The government has pledged $15 million to host the Women’s Asian Cup in Australia

Listen to Australian and world news and follow trending topics with
In 2023, the Matildas took over our screens, conversations and our hearts.
Now the federal government wants to repeat the hype created during the Women’s World Cup.
Sports Minister Anika Wells says this will be done through a $15 million investment in Australia’s hosting of the Women’s Asian Cup.
“The Albanian Government will provide $15 million to enable Australia to host the Asian Women’s Cup in 2026 and provide more opportunities for all Australians to support our Matildas on home soil. Last year the World Cup delivered a 92 percent increase in visibility. Women’s sport has reduced healthcare costs by $324 million, and had a combined economic impact of $1.3 billion, but we need to capitalize on it now, World Cup was a start and we must continue.”
It follows a $200 million government aid package announced for women’s sports.

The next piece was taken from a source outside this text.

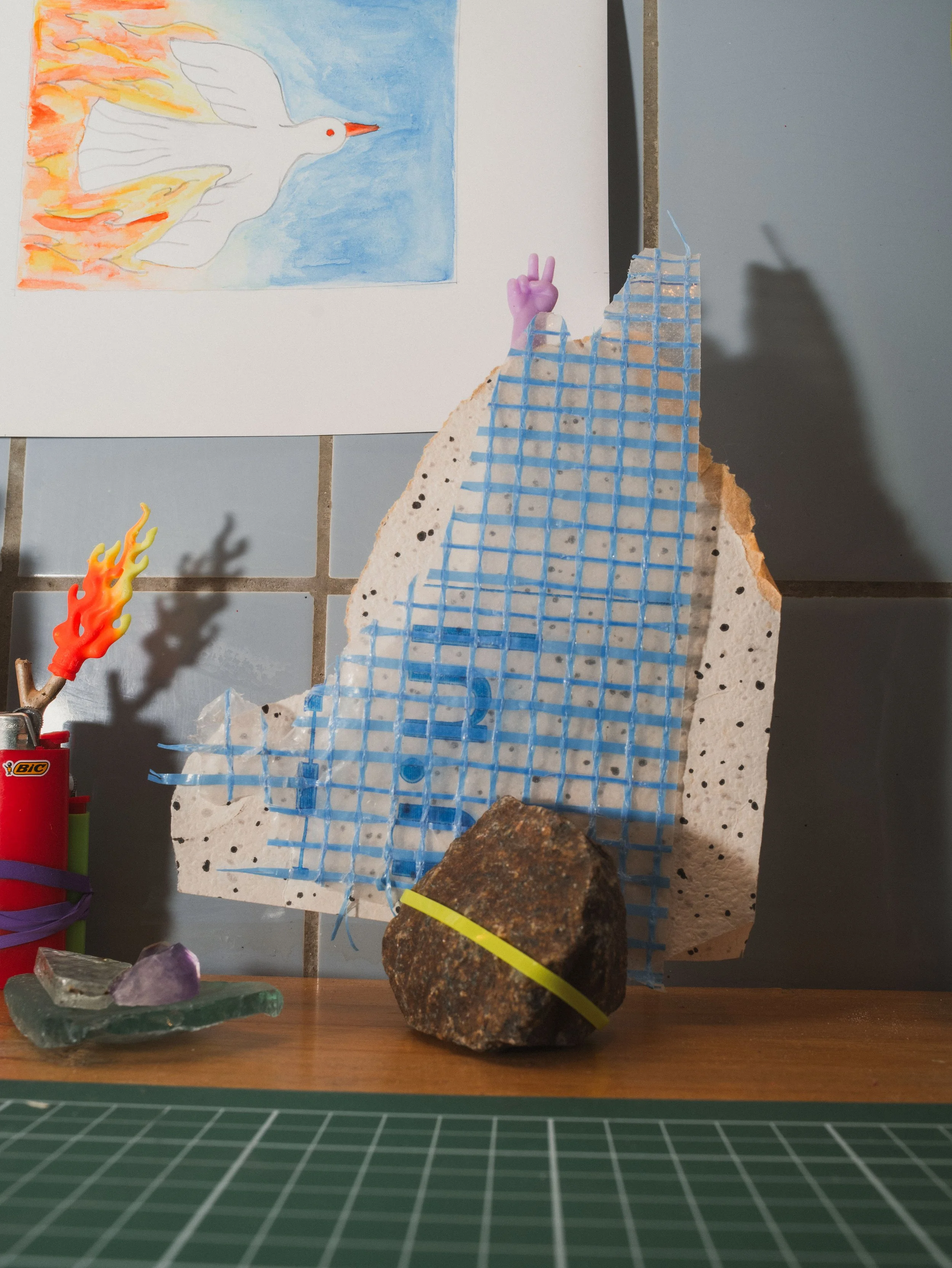Andy's style is very DIY, and you can see traces of it all over the apartment. Cut up strips of paper and scribbled on pages lie strewn everywhere. A giant photocopy machine stands proudly in his living room, boasting about how often Andy uses it.

Commitments have been made for women’s equipment, facilities and a review of broadcasting rules to ensure major events are free to watch.
Two hundred million dollars will also be invested through the Play Our Way program to improve sports facilities and equipment specifically for women and girls.
Football Australia Chief Executive James Johnson says this $15 million will go towards tournament start-up costs.
“The sport is growing by every metric, our participation is up 20 per cent across the country, we have more income from the sport which means we can reinvest in the teams. “We have invested more in the Socceroos and Matildas have been included in our national team program more than ever in the last four years and I think we are seeing the benefits of that on the pitch because we are seeing great results on the pitch.”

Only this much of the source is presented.